How Should Parents Address Their Little Friend's Imagination?

Generally the existence of imaginary friends is not a sign that the child is not developing normally. Mothers can instead take advantage of this time to teach children about certain values. For example, if a child suddenly spills the contents of the jar due to being careless and he blames his imaginary friend. Avoid scolding when he says that an imaginary friend should tidy up. Mothers should not say things like, "Stop pretending not to be wrong!" Or laugh at his imaginary friend. Just remind the rules about always cleaning a dirty house. If the mother is hostile to her imaginary friend, the child will tend to spend longer than this phase.

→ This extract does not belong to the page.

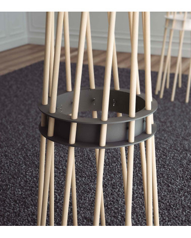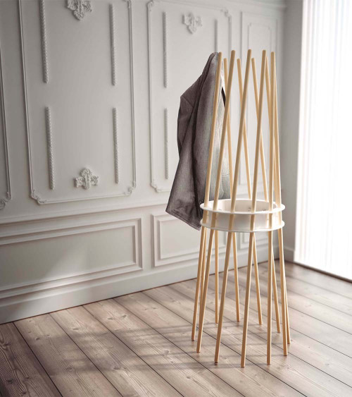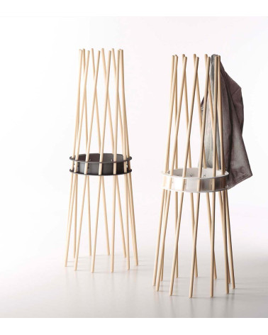 La estructura está fabricada en en plancha de acero con acabado lacado al horno y barras en madera de haya, lo que aporta durabilidad y resistencia al uso cotidiano. Su sistema de fijación asegura una instalación firme y estable, ofreciendo una superficie segura para almacenar prendas y accesorios de uso diario.
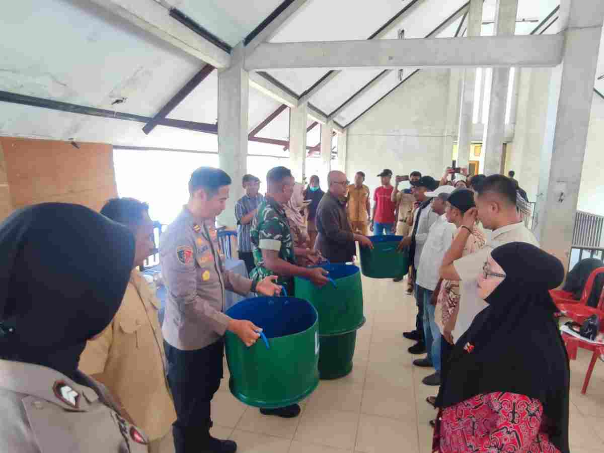 Mewakili Bupati Buru, Asisten II Serahkan 700 Tong Sampah Secara Simbolis kepada Warga Kota Namlea

But respecting a child's friendship with an imaginary friend does not mean that you need to interact or involve an imaginary friend. For example, avoid manipulating by saying, "Your friend likes to eat carrots. It means you want it too. ”Because, deep in his heart and mind, he knows that his friend is not real. Basically, you don't need to panic and worry too much, but stay calm when you know your child has an imaginary friend. Children who have or have had imaginary friends generally grow up to be happy, creative, easy to work with and socialize, and independent. After the age of seven, imaginary friends usually begin to disappear along with the busy child in elementary school. If a child's imaginary friend is considered disturbing or worrying, the mother can bring the child for consultation with a psychologist to get the right treatment.